Vol. 22 No. 45 (2020): Dossier: Political process in Latin America. Four years of convulsive democracies (may to august)

					View Vol. 22 No. 45 (2020):  Dossier: Political process in Latin America. Four years of convulsive democracies  (may to august)

 

The 45th edition of the journal Reflexión Política is dedicated to the analysis of the contemporary political processes in Latin America, based on case studies of the political systems of Argentina, Brazil, Bolivia, El Salvador, Mexico, and Paraguay. In this edition you will find studies on the operation of the democracies, the role of the presidents, relations between the executive and legislative branches and other political institutions, in a context marked by political instability, economic crisis and the COVID-19 health crisis.

            In particular, in connection with the pandemic, Professor Manuel Alcántara opens the dossier with the article Latin American Politics in the New Normal, in which he reflects on six aspects to understand the situation and the challenges faced by the democracies and politics in the region: the importance of the State, democratic legitimacy and authority, leadership, the reassessment of nation based on patriotic rhetoric, and citizens who are increasingly individualistic and distrustful.

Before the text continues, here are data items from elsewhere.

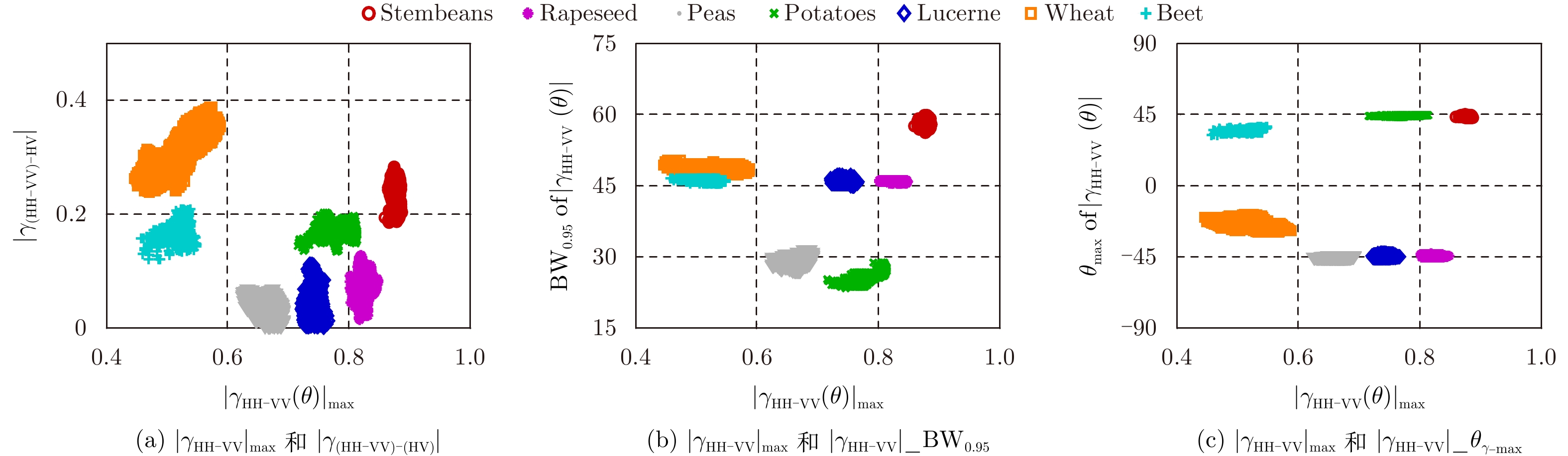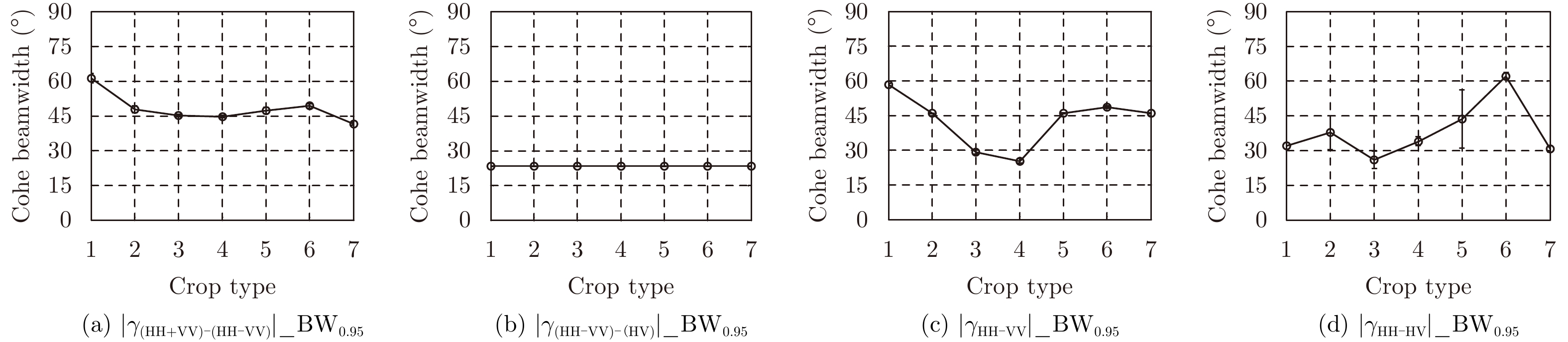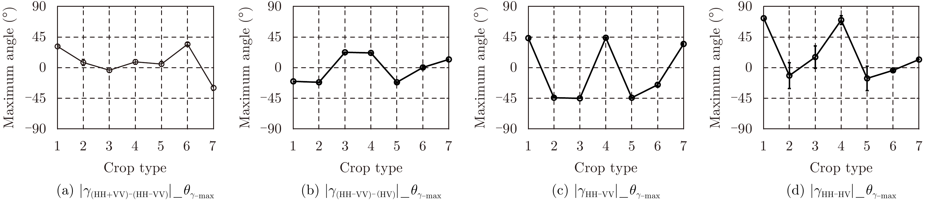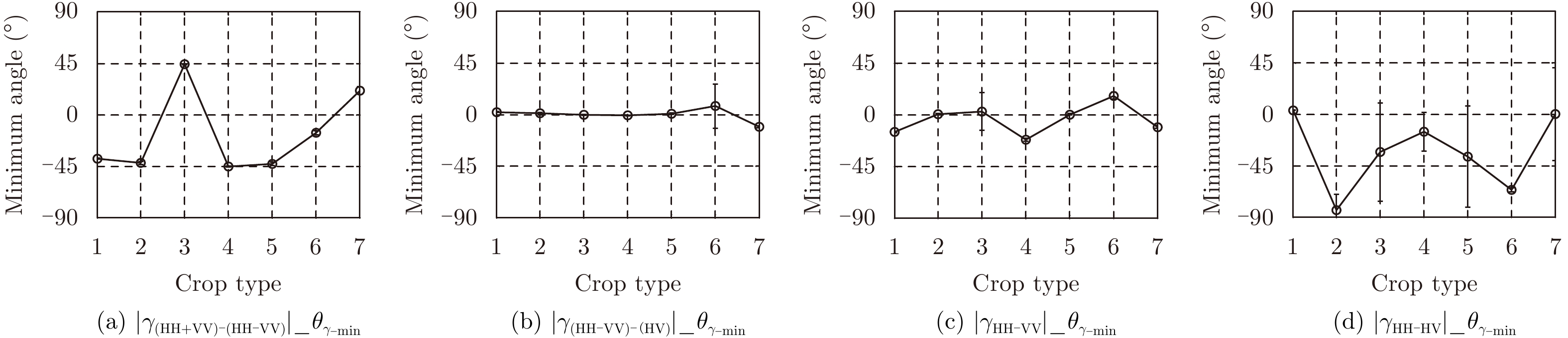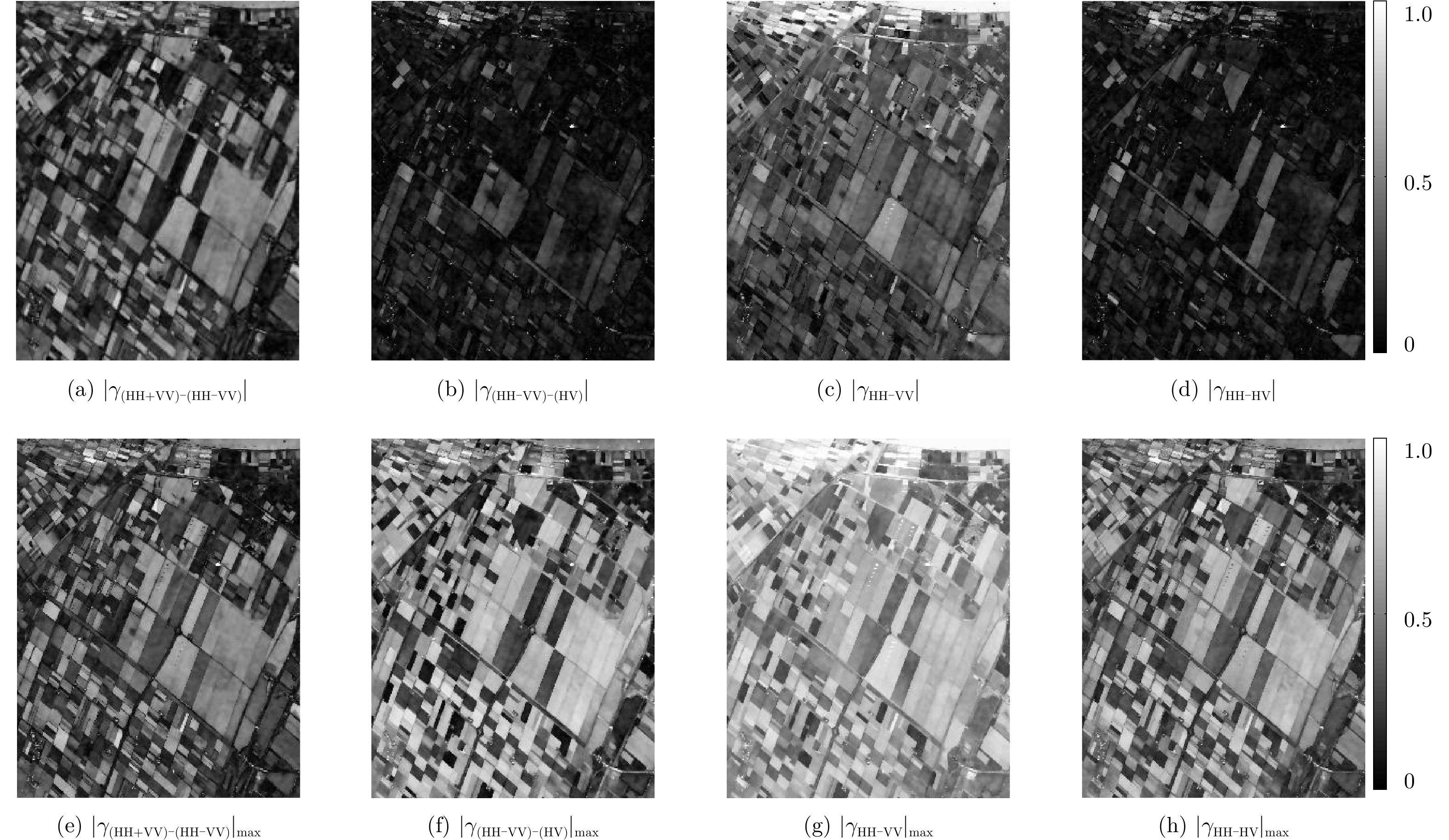 $\begin{aligned}& \left| {{\gamma _{{\rm{HH}} - {\rm{HV}}}}\left( \theta \right)} \right| = \left| {{\gamma _{{\rm{VV}} - {\rm{HV}}}}\left( {\theta + {\rm{{{π}} }}/2} \right)} \right|,\\& \left| {{\gamma _{\left( {{\rm{HH}} + {\rm{VV}}} \right) - \left( {{\rm{HH}} - {\rm{VV}}} \right)}}\left( \theta \right)} \right| = \left| {{\gamma _{\left( {{\rm{HH}} + {\rm{VV}}} \right) - \left( {{\rm{HV}}} \right)}}\left( {\theta + {\rm{{{π}} }}/4} \right)} \right|\end{aligned}$ | (39) |
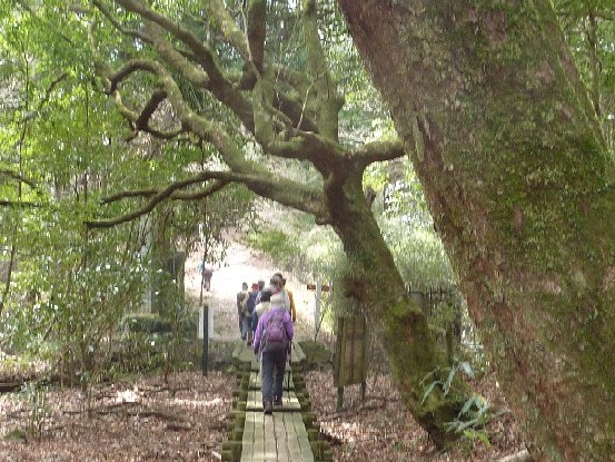 展望広場で芦ノ湖を背に集合写真を撮り、箱根関所跡から熱海行きのバスに乗り函南原生林入口で降りて原生林に入る。
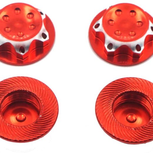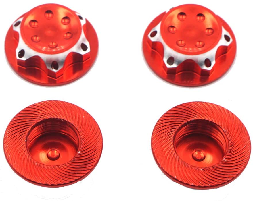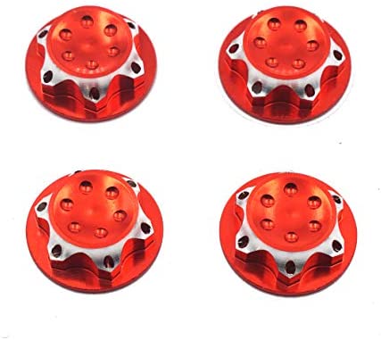 Compatible with Gama Losi HeBao AE Team-C HSP 1/8 RC Car Truck. Non-slip locking more reliable. Material: Aluminum Alloy Wheel Hub Anti-Dust Cover for 1/8 RC Car Outer Diameter: 17mm. Inner Diameter: 11mm. Thread:1.0mm Color : Red Package include: 4 x Wheel Hub Anti-Dust Cover
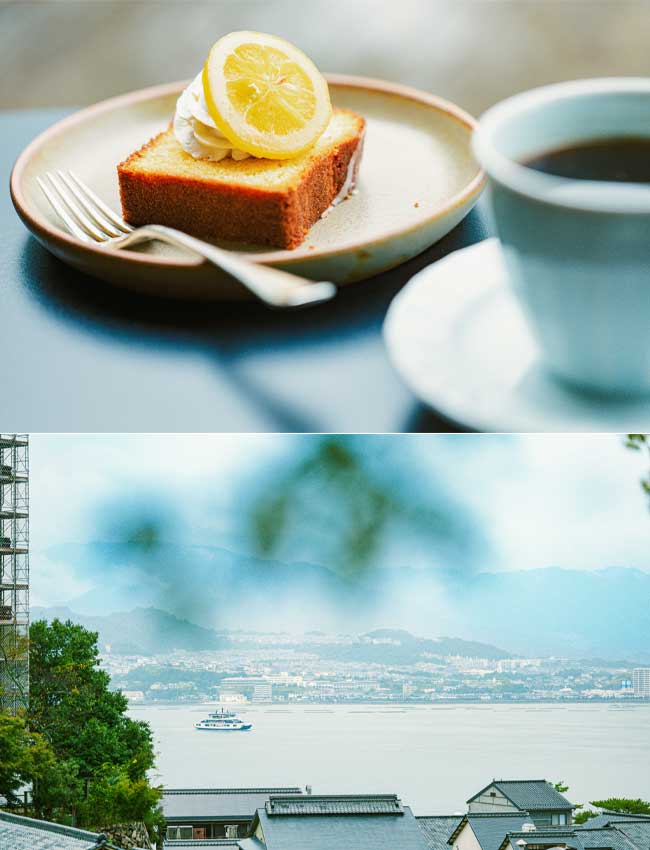 上/宮島の人気ロースタリーカフェ「伊都岐珈琲」の系列店。自家焙煎のドリップコーヒー110円、広島レモンケーキ660円。入場料別途要(550円、~5歳 330円) 下/本島の広島まで一望できる
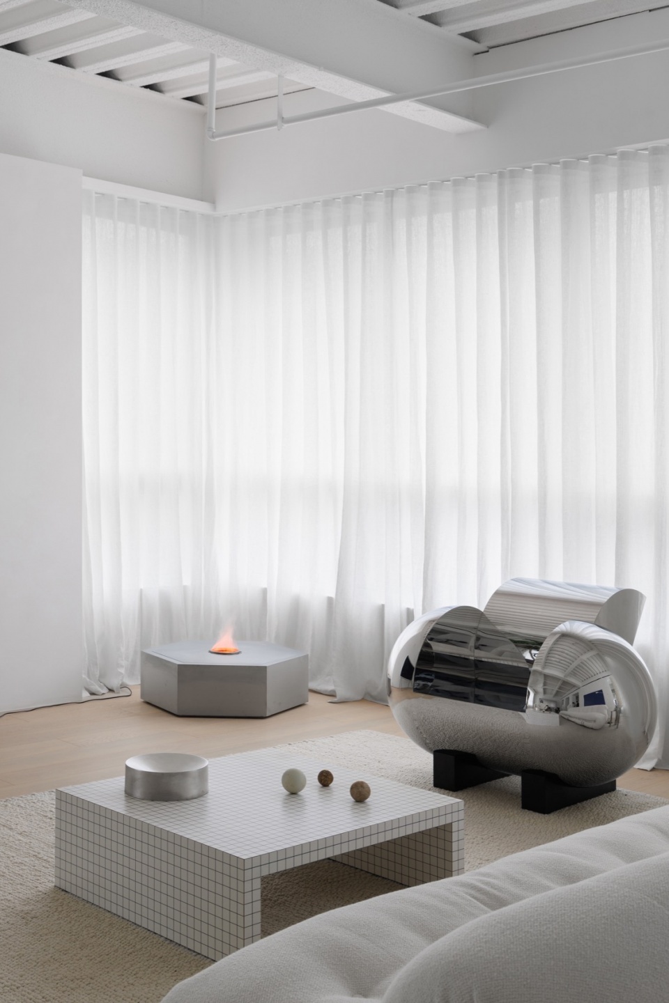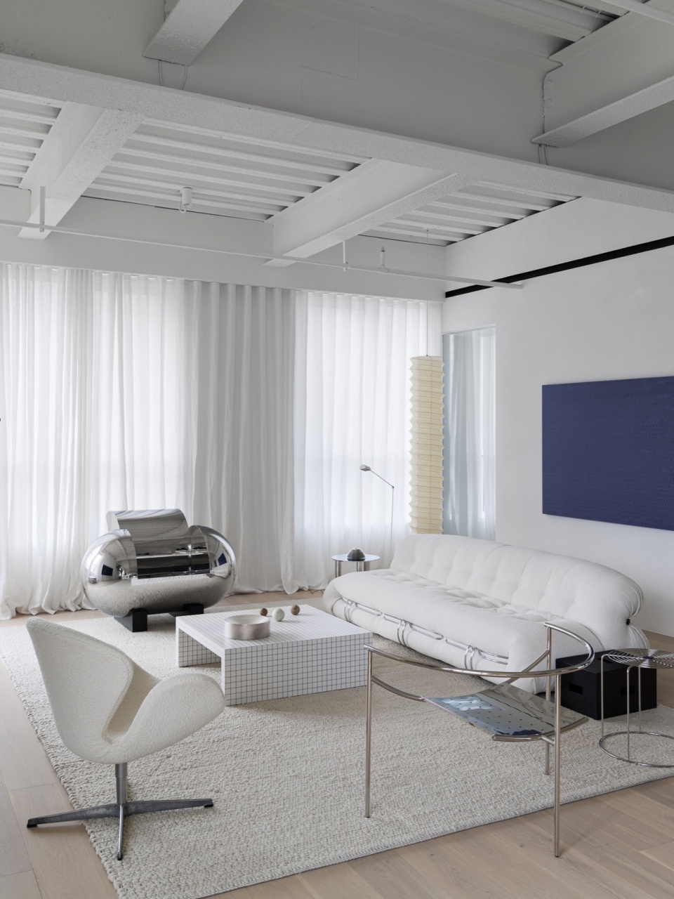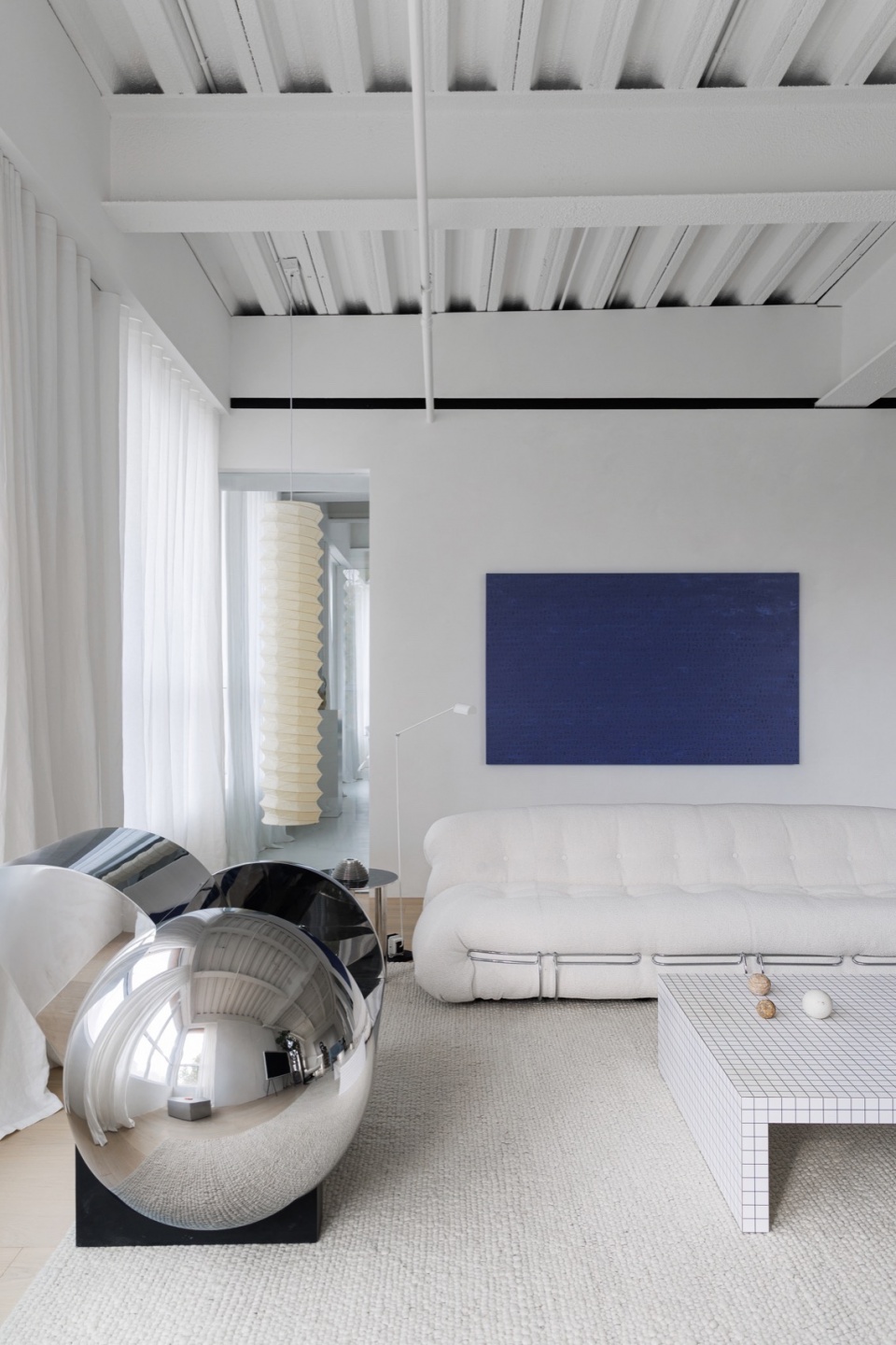 软装大多选择设计大师设计的经典家具和艺术品。每一件都是主理人亲自精选,为空间注入艺术灵魂。沙发区以白色家具为主,局部点缀蓝色,为空间带来宁静深邃的感觉。(1.沙发来自品牌Cassina-Soriana;2.茶几来自品牌ZANORTA-Quaderna)材质上主要选用了柔软的棉麻还有金属不锈钢材质,在简洁的硬装基调下,棉麻布艺让空间显得更加柔和温暖,不锈钢则带来一种年轻感和科技未来感。刚柔并济间,赋予了空间更丰富的情感表达。(壁炉来自设计师刘畅)

            In the national case studies, Nicolás Liendo and Camilo González assess the factors that enabled the return of Peronismo to power in Argentina, highlighting the poor economic performance of the previous government, an aspect that is currently one of the main challenges for President Alberto Fernández. On Bolivia, Rocío Estremadoiro provides an analysis of the democratic instability in the country and some of the aspects that enable understanding the fall of the government of Evo Morales. Among others, she identifies as main factors the loss of dominance by the MAS party, the extraction-based economic model, the alliance with conservative sectors and therefore the persistence of conservative ideas and principles, as well as an autocratic chieftain-centered leadership. The author concludes the analysis with a reflection of the interim government of Bolivia that has failed to escape from the ghost of authoritarianism.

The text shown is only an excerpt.